Matrix versus Cartesian Frameworks
In MATLAB, we index into matrices using row and column indices. That is, for matrix
A = magic(3)
A =
8 1 6
3 5 7
4 9 2
I can reference the last element in the second row like this:
A(2,3)
ans =
7
or
A(2,end)
ans =
7
and to retrieve the first element of columns 1 and 3, I type this:
A(1,[1 3])
ans =
8 6
Check out this post to get a fairly complete picture of indexing in MATLAB.
Plotting Matrices
The options xy and ij for axis allow us to control whether to view the data just the way the matrix is displayed (the (1,1) element is in the upper left corner):
colormap(jet(9)) image(A) colorbar
or we can view the image/matrix as a top-down view of a physical "map" with the y-values now increasing along the vertical axis.
axis xy
In images, the matrices column values plot vertically. In line plots, the columns are plotted vs. their indices, making columns plot horizontally.
h = plot(A);
legend(h,{'Column 1','Column 2','Column 3'})
Creating an N-Dimensional Grid
ndgrid uses matrix indexing since it is designed to suit working in any number of array dimensions.
[ii, jj] = ndgrid(1:3,1:2)
ii =
1 1
2 2
3 3
jj =
1 2
1 2
1 2
Creating an 2- or 3-Dimensional Grid
On the other hand, mesh, interprets its first inputs in a Cartesian framework since it is used primarily for working with 2- and 3-dimensional plots, often depicting something over an area or volume.

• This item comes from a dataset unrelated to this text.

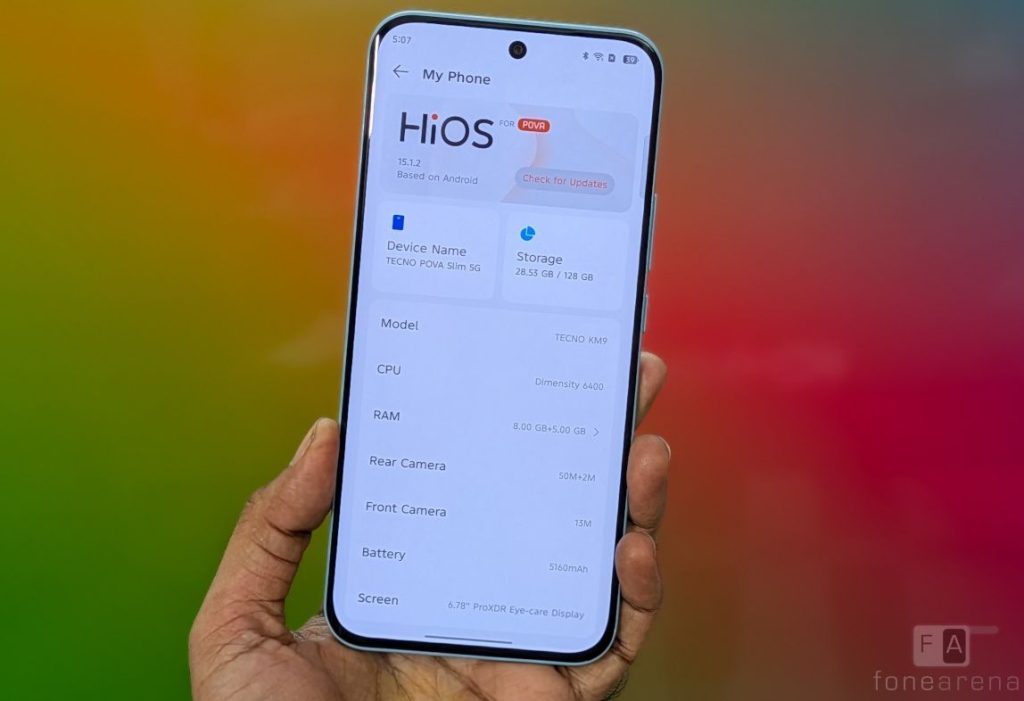 Under the hood, the TECNO Slim 5G is powered by the Dimensity 6400 chipset. It has support for several 5G bands, has 8GB of LPDDR4X RAM and 128GB storage. For connectivity, there is 5G+ Carrier Aggregation, 4×4 MIMO, Dual SIM Dual Active, and TÜV Rheinland High Network Performance certification.

[xx, yy] = meshgrid(1:3,1:2)
xx =
1 2 3
1 2 3
yy =
1 1 1
2 2 2
In the Remarks section of the documentation for meshgrid, you will find a discussion of this, especially with respect to inverting the first two input arguments compared to ndgrid. There is related discussion in the Description section for the function mesh.

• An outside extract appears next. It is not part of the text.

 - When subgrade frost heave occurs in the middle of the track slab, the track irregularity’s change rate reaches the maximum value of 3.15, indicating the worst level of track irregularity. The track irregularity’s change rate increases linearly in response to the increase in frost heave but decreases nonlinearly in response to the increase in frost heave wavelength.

Functions designed for two or three dimension, such as contour and quiver, usually work in Cartesian coordinates. Functions that are designed to work in N-dimensions generally work with a matrix indexing framework. Be sure to check the help for functions you use to see which convention applies.
Thoughts?
Any ideas on what we can do, perhaps in examples or documentation (or eslewhere?) to help people out with this potential confusion? If so, please post here.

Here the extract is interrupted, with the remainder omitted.